I've been following the WikiLeaks story with some interest. The hysteria surrounding the cable leaks is downright un-American.
The most disturbing thing is what looks to be a coordinated campaign to deny WikiLeaks access to American Internet companies. Amazon dropped them. PayPal dropped them. EveryDNS dropped them. Tableau dropped them. All of these companies have the right to choose whom they do business with. But freedom of the press requires a press. It's particularly troubling to think that government pressure is behind the shutdowns.
Also disturbing is Interpol chasing Assange over a minor Swedish criminal charge. I don't want to dismiss the rights of the accusers in Sweden, but the timing and publicity make it obvious the international warrant has more to do with revenge than sexual impropriety. Now the story is "WikiLeaks = Rapist", a smear which discredits the cable releases without addressing their content.
And then you get the crazy shit. A sustained DDoS attack against the WikiLeaks site which does nothing to stop the cable release but does make it harder for the organization to explain what they're doing. And a herd of nutjobs saying Assange should be assassinated. The air is poisoned.
What makes the response seem like hysteria is the actual cable leak doesn't seem that big a deal. WikiLeaks is being responsible about redaction. The source material, while private, was hardly ever kept that secure. The cables were stored globally on SIPRNet where thousands to millions of people had access. Anything shared with thousands of people is not, practically speaking, secret. And the information coming out so far has proven to hardly be blockbuster. It has been interesting, though, and embarassing.
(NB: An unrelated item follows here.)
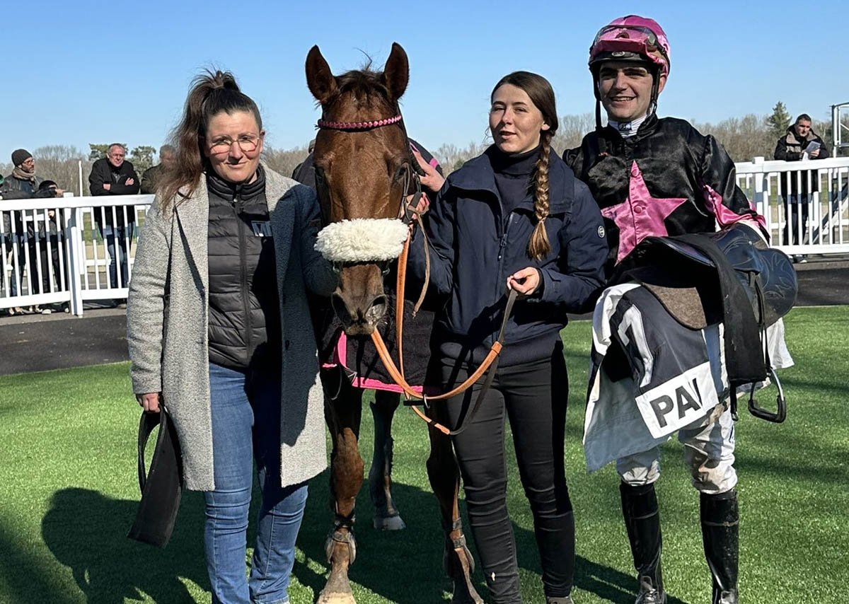 Louis Malpic, ses anges gardiennes et Clément Lefebvre, après sa victoire dans l'édition 2023 du Prix Amaury de Cazanove, à Pau (© Twitter Hippodrome de Pau)

Clearly the cable leak is against the US government's interests and of course the government is going to respond. But the response is looking a little crazy and disproportionate, not to mention ineffective. In the meantime news organizations every day are turning the material into fascinating stories about the inner workings of US relations with North Korea, China, Italy, Russia, Afghanistan. In the end the disclosure may well create more value than harm caused.